__RECORDS SUPPLIED__:
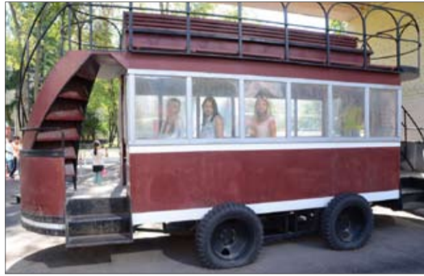
В павильонах «Мосфильма»

«Маршруты Победы» - так называются образовательные краеведческие экскурсионные поездки, которые были разработаны ещё несколько лет назад в рамках Национальной программы детского культурно-познавательного туризма, реализуемой Министерством культуры РФ. Организованы они были для приобщения молодёжи к истории и культуре России, гражданско-патриотического воспитания подрастающего поколения, поощрения и поддержки талантливой молодёжи. Ведь стать участниками поездки могли одарённые дети, победители районных и областных олимпиад, слётов, соревнований, творческие
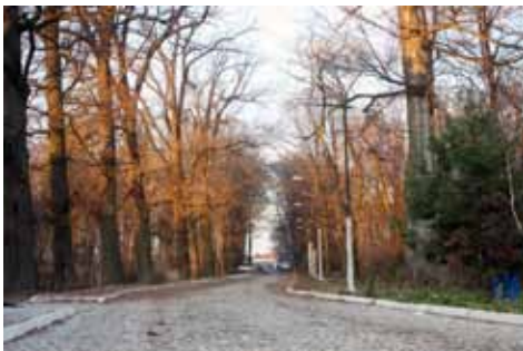
Tyniec Mały, ul. Parkowa
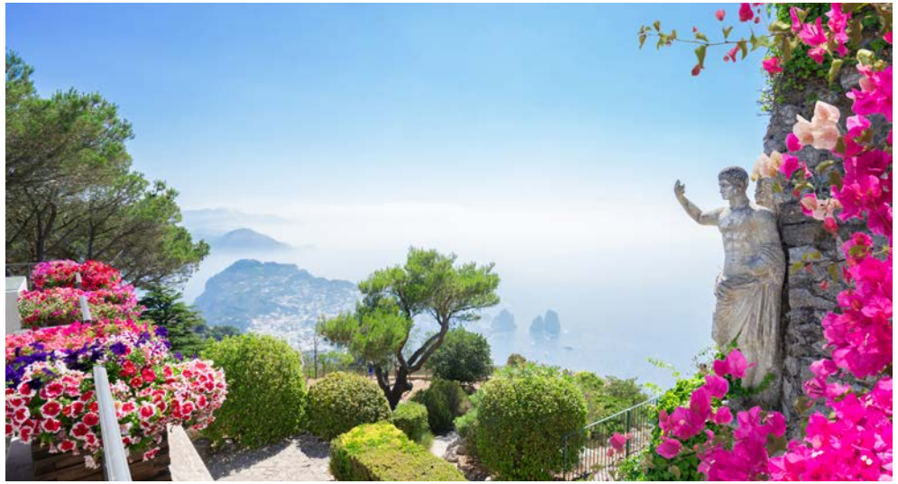
Capri – traumhafte Aussichten von den Augustusgärten

Seit Jahrhunderten inspiriert die Schönheit des Golfs von Neapel Literaten und Musiker aus ganz Europa. Die einzigartige Kulturlandschaft besticht durch prachtvolle Blütengärten, bizarre Felsformationen und ein azurblaues Meer. Verschlungene Küstenstraßen führen durch Orangen- und Zitronenhaine zu Stätten antiker Geschichte. Kampanische Bauern bewirtschaften ihre Gärten und Höfe in der zerklüfteten Küstenlandschaft seit Generationen. Ob Mozzarella oder Limoncello, hier kommen die Gaben der Natur direkt auf den Tisch. Über all dem thront der Vesuv, sagenhafter Mythos und Ehrfurcht erregende Naturgewalt. Idealer Ausgangspunkt, um diesen reizvollen Landstrich Kampaniens intensiv zu erkunden, ist Sorrent. Ein malerischer Ort, der imposant auf einem Felsplateau liegt. Ganz in der Nähe gründeten die Römer die mondäne antike Stadt Pompeji, deren durch Asche konservierte Architektur die Besucher noch heute in die untergegangene Kultur eintauchen lässt. Spätere Könige, Päpste und Fürsten prägten mit dem Bau gotischer Kirchen und barocker Prachtbauten die Altstadt von Neapel. In kleinen Bergdörfern überdauerten zudem die Bauwerke der Normannen und Mauren die Jahrhunderte. Und auf der wohl schönsten Insel des Tyrrhenischen Meeres, auf Capri, finden sich bis heute Spuren früher Bewunderer der einzigartigen Natur. Hier verbrachten im 19. Jahrhundert sowohl der schwedische Schriftsteller Axel Munthe als auch der deutsche Industrielle Friedrich Alfred Krupp ihre wohl schönsten Lebensjahre.
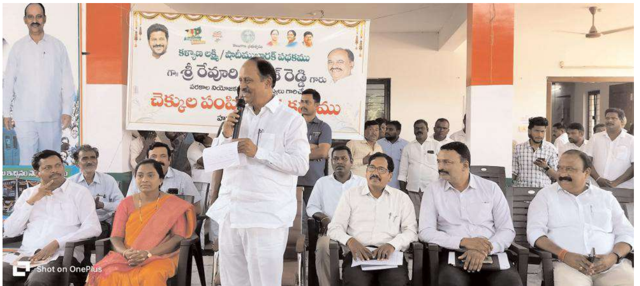
అందించేలా కృషి చేస్తున్నారని తెలిపారు. కార్యక్రమంలో అధికారులు, కాంగ్రెస్ నాయకులు పాల్గొన్నారు.

పరకాల, మార్చి 07, సూర్య న్యూస్: కళ్యాణ లక్ష్మి, షాదీ ముబారక్ పథకం పేదలకు వరమని పరకాల ఎమ్మెల్యే రేవూరి ప్రకాశ్ రెడ్డి అన్నారు. గురువారం పరకాల ఎమ్మెల్యే క్యాంపు కార్యాలయంలో పరకాల పట్టణం, పరకాల, దామెర, నడికూడా, ఆత్మకూరు మండలాల పరిధి లోని 69 మంది లబ్ధిదారులకు కళ్యాణ లక్ష్మి, షాదీ ముబారక్ చెక్కులను ఎమ్మెల్యే రేవూరి లబ్ధిదారులకు అందించారు. ఈ సందర్భంగా ఆయన మాట్లాడుతూ రాజీయే రోజులలో పెళ్లయిన వెంటనే లక్ష 116 రూపాయల చెక్కుతో పాటు తులం బంగారం కాంగ్రెస్ ప్రజా ప్రభుత్వం లబ్ధిదారులకు అంద చేయడం జరుగుతుందన్నారు. కాంగ్రెస్ ప్రభుత్వం ఎప్పుడు పేదల పక్షాన పని చేస్తుందని చెప్పారు. గత ప్రభుత్వంలో ఉన్న పథకాలను కూడా కొనసాగిస్తూ లబ్ధిదారులకు ఎలాంటి ఇబ్బంది కలగకుండా పాలన కొనసాగిస్తున్నామని తెలిపారు. రాష్ట్రం ఆర్థికంగా ఇబ్బందుల్లో ఉన్న సీఎం రేపంత్రిడ్డి గత ప్రభుత్వంలో పెండింగ్లో ఉన్న కళ్యాణ లక్ష్మి, షాదీ ముబారక్ ల బ్ధిదారుల చెక్కులను ఇవ్వడం జరుగుతుందని వెంట వెంటనే ఆర్డీలు, తహశీల్దార్లు
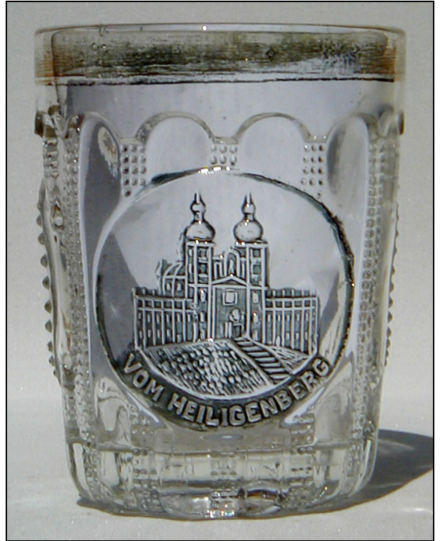
Abb. 2002-4/107 Becher mit Bild der Wallfahrtskirche Swatý Kopeček bei Olomouc , eingepresste Inschrift „ VOM HEILIGENBERG “ rückseitig 2 runde Medaillons mit abgewetzten Bildern farbl. Pressglas, Gebäude - Rand vergoldet, H 9,8 cm, D 7,5 cm Sammlung SG PG-069 (jetzt Glasmuseum Passau) Grundform Becher s. Preis-Kurant Pressglas Inwald 1914, Nr. 6383, „Walzenbrillant“
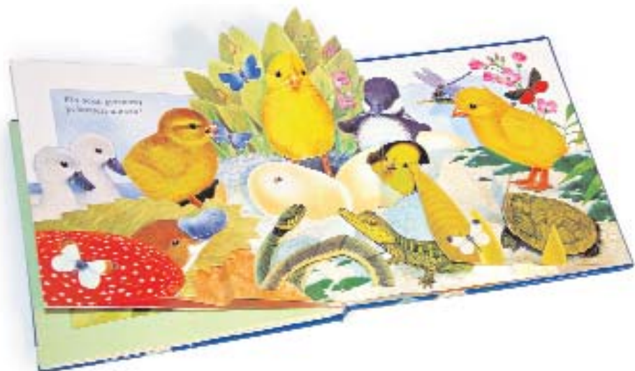
Una aventura amb Groguet. M. Pledger. 1996

La Segona Guerra Mundial va portar l'escassetat de paper i mà d'obra, però no va acabar amb la tasca creativa d'artistes com ara Julian Wehr, les obres del qual van ser publicades al nostre país per l'editorial Cervantes de Barcelona. També cal destacar en aquesta difícil època bèl·lica la firma nord-americana Random House , que va aconseguir mantenir una tímida però eficaç producció que va permetre que els llibres mòbils no fossin del tot oblidats.
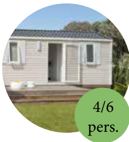
Mobile home Super Mercure
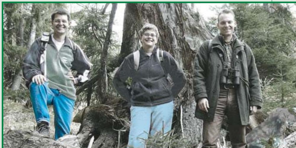
Schalenwild hingegen nimmt die Blautöne vermutlich als Signalfarbe wahr; die Rottöne (siehe auch Irish Setter) werden als grünlich-grau gesehen und die Farbe Grün wird bei relativ guten Lichtverhältnissen nicht so gut unterschieden.

Deutlich bunter ist die Welt jedoch für Vögel, die sogar bis zu vier verschiedene Farbrezeptoren besitzen. Viele Vögel sehen nämlich im ultravioletten Bereich und vermögen dadurch Purpurtöne wahrzunehmen, die der Mensch nicht kennt; sie reagieren also besonders sensibel auf Rot und Ultraviolett. Turmfalken finden Mäuse beispielsweise über deren Urinspuren, die ultraviolettes Licht reflektieren. Bei Zugvögeln wurde vor kurzem außerdem ein Molekül in der Netzhaut entdeckt, dass zur Erkennung des Erdmagnetfeldes dient. Damit sind die Vögel in der Lage, das Magnetfeld der Erde als visuellen Raster zu sehen.
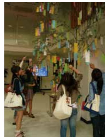
七夕に願いを込める学生たち

学生達には、まだ彥星様が現れていないらしく、現実的かつ切実なお願いがいっぱいでした。
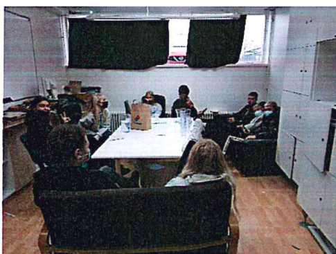
Mynd 3 Forsvarsfólk nemendafélagsins fundar

Félagslíf nemenda er mikilvægur þáttur í starfi Menntaskólans við Sund en á tímum samkomubanns hefur það verið afar takmarkað. Nemendur náðu að halda árshátíð sína í febrúar 2020 en eftir að samkomutakmarkanir vegna sóttvarna voru settar á var ekkert formlegt félagstarf á skólaárinu. Haustið 2020 tók skólinn þá ákvörðun í samráði við stjórn SMS að bjóða nýnemum á skemmtikvöld í minni hópum í nýnemavikunni. Reynt var að skapa félagslíf og stemmingu innan þeirra stífu ramma sem sóttvarnareglur settu, nemendur héldu útvarpsviku sem heppnaðist mjög vel auk þess sem hlaðvarp og aðrir rafrænir kostir voru prófaðir, m.a. í samstarfi við foreldraráð skólans. Í desember voru haldin skemmtikvöld fyrir nýnema með jólaívaði þar sem eldri nemendur sáu um að skemmta nýnemum í litlum hópum inni í kennslustofum.
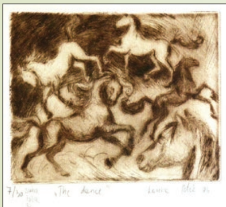
Ples - suha igla
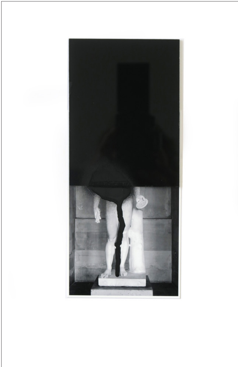
Figure 2 , Tirage, verre, peinture, 21 x 9 cm, 2018
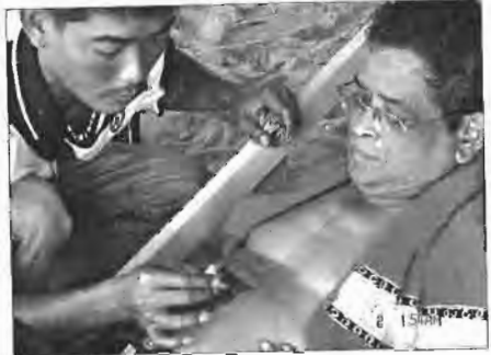
এঁকে হুসে ডাব।

আমার কাছে একটি গ্রন্থ আছে, নাম 'পৃথিবীর এক হাজার একটি অপর প্রাকৃতিক বিহয়, মৃত্যুর আগে যা দেখা জোমার অবশ্য কর্তব্য' (1001 Natural wonders you must see before you die) বইটি প্রায়ই আমি নেড়েচেড়ে দেখি। মৃত্যু তো ঘনিয়ে এলে— এক হাজার একের কয়টায় ক্রস মার্ক দিতে পারলাম তার হিসাব। বইটিতে বাংলাদেশের একটি মাত্র এম্ব্লি—
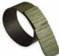
Frassino verde scuro Dark green Ash
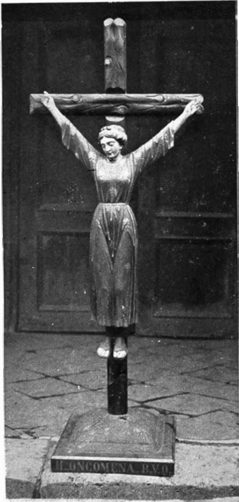
Oud beeld in de kerk van Bavegem.
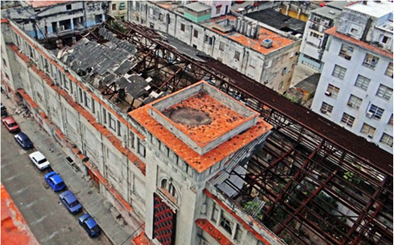
Vista área de las ruinas del restaurante Moscú

Sin embargo, otras fuentes aseguran que la parcela está siendo reclamada para un pequeño hotel de ciudad, administrado por la empresa francesa Accor, y cuyo propietario sería la constructora militar Alмест S.A., perteneciente a GAESA.
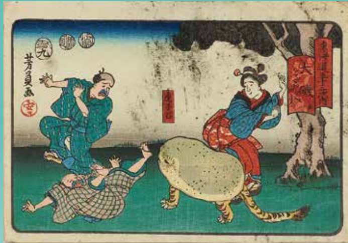
歌川芳員「東海道五十三次内 大磯をだらへ四り」(前期)
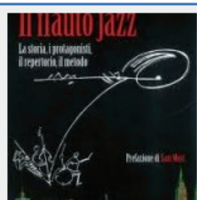
Stefano Benini - "Il flauto jazz"

Questi due volumi sono accomunati da un dato di fondo - l'amore degli autori per i propri strumenti (rispettivamente flauto e chitarra) - mentre si differenziano notevolmente quanto a modalità di scrittura e approccio alla materia trattata.
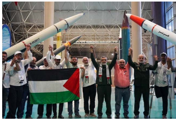
פגישת חאג'יזאדה עם משפחות הרוגי המלחמה בעזה (snn.ir, 1 ביולי 2024)

• ב-1 ביולי 2024, הגיעה משלחת של משפחות הרוגים פלסטינים מהמלחמה ברצועה עזה לביקור באיראן. מפקד זרוע האוויר של משמרות המהפכה, אמיר-עלי חאג'יזאדה, אמר במפגש עמן כי איראן מצפה להזדמנות להוציא לפועל תקיפה נוספת נגד ישראל, כשם שעשתה ב-13 באפריל 2024. הוא ציין כי אין ספק בניצחונו הסופי של העם הפלסטיני, וכי איראן תמשיך לעמוד לצד "ההתנגדות" והעם הפלסטיני ותעשה ככל שביכולתה כדי לתמוך בפלסטינים. הוא הוסיף כי התנאים אינם מאפשרים לאיראן לפעול ישירות נגד ישראל (snn.ir, 1 ביולי 2024).
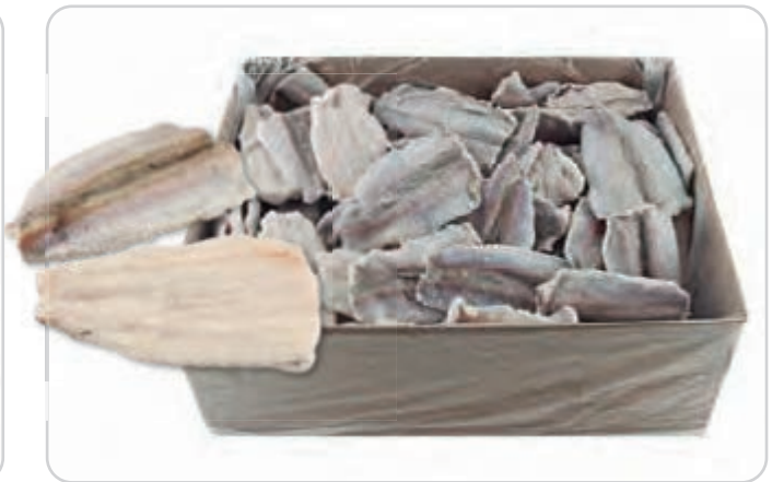
C-3341 FILETES DE BACALADILLA
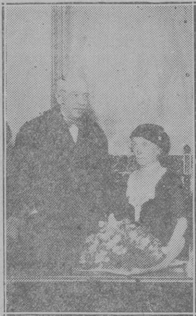
MADRID. — La ilustre escritora Sofía Casanova después de su conferencia en la Asociación de Escritores y Artistas
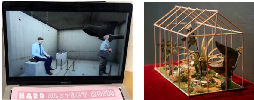
Figuur 4 Verbeeldingen van het lerarentekort: van 'hard' naar 'soft' respect

De verbeeldingen van het lerarentekort vervulden na afronding van het onderzoek door de studenten een rol in ex-ante onderwijsbeleidsprocessen. In een publicatie (De Vries et al., 2023) zijn de verbeeldingen gedeeld met het publiek (onder andere leraren, schoolleiders) om tot dialoog over schoolspecifieke aanpakken aan te zetten. Met OCenW wordt verkend hoe de verbeeldingen zouden kunnen worden meegenomen in voorbereidende gesprekken over regio-aanpakken, eveneens om de dialoog over de problematiek vanuit nieuwe invalshoeken te voeden.
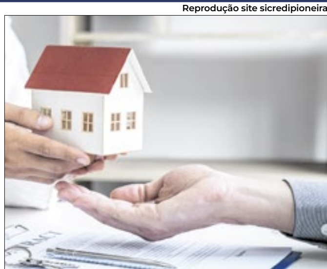
Demanda por financiamento da casa própria motivou alta
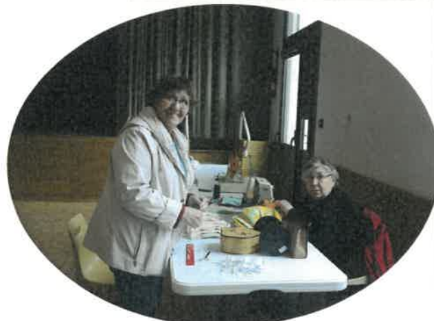
Fabrication de masques
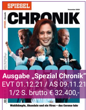
Ausgabe „Spezial Chronik“ EVT 01.12.21 / AS 09.11.21 1/2 S. brutto € 32.400,-
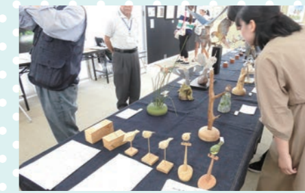
エコギャラリー バードカービングの展示や、緑のカーテンコンテスト、児島湖流域ポスターコンクール参加作品の展示、環境白書ポスター展示など、自然や環境に関する展示などを行っています。
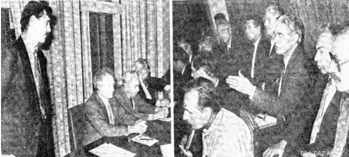
Deutsche Allgemeine Zeitung, Oktober, 1992.
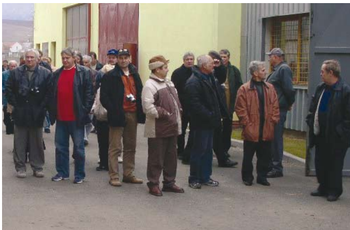
■ Zástupcovia obcí z regiónu Poľana na exkurzii na Morave, november 2006

Ako reakciu na množiace sa projekty a plány neudržateľnej komercionalizácie drevnej suroviny na energetické účely sme pripravili návrh zásad účelného a efektívneho využívania biomasy na Slovensku. Tento pracovný materiál podrobíme na budúci rok odbornej kritike a po zapracovaní pripomienok budeme presadzovať, aby sa navrhované zásady premietli do metodických pokynov, ktoré upravujú štátnu dotačnú aj nefinančnú podporu projektov využívania biomasy.
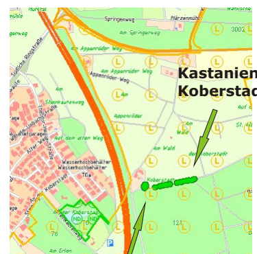
EBkastanie (ehemalige Gruppe von 4 Bäumen)

Bedeutung, insbesondere im Ensemble mit der sich nach Osten anschließenden Edelkastanienallee. Auch das Bild zusammen mit dem aus Rotliegenden und Sandstein gebauten ehemaligen Forsthaus war beeindruckend. Wie wäre es erst gewesen, wenn im 16. Jahrhundert das durch Graf Wolfgang von Ysenburg-Ronneburg projektierte Schloss anstelle in Kelsterbach am Main doch an dieser Stelle in Langen gebaut worden wäre? Die Brunnenanlage für das Schloss ist heute noch unter dem ehemaligen Forsthaus erhalten!
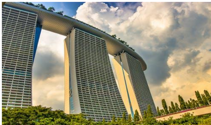
A Marina Bay megújul /4. oldal

__HOW TO COMPLETE THIS TASK__: Copy every line of the records above that holds the word "Bild".

__RESULT OF THIS TASK__:
Abb. 2002-4/107 Becher mit Bild der Wallfahrtskirche Swatý Kopeček bei Olomouc , eingepresste Inschrift „ VOM HEILIGENBERG “ rückseitig 2 runde Medaillons mit abgewetzten Bildern farbl. Pressglas, Gebäude - Rand vergoldet, H 9,8 cm, D 7,5 cm Sammlung SG PG-069 (jetzt Glasmuseum Passau) Grundform Becher s. Preis-Kurant Pressglas Inwald 1914, Nr. 6383, „Walzenbrillant“
Bedeutung, insbesondere im Ensemble mit der sich nach Osten anschließenden Edelkastanienallee. Auch das Bild zusammen mit dem aus Rotliegenden und Sandstein gebauten ehemaligen Forsthaus war beeindruckend. Wie wäre es erst gewesen, wenn im 16. Jahrhundert das durch Graf Wolfgang von Ysenburg-Ronneburg projektierte Schloss anstelle in Kelsterbach am Main doch an dieser Stelle in Langen gebaut worden wäre? Die Brunnenanlage für das Schloss ist heute noch unter dem ehemaligen Forsthaus erhalten!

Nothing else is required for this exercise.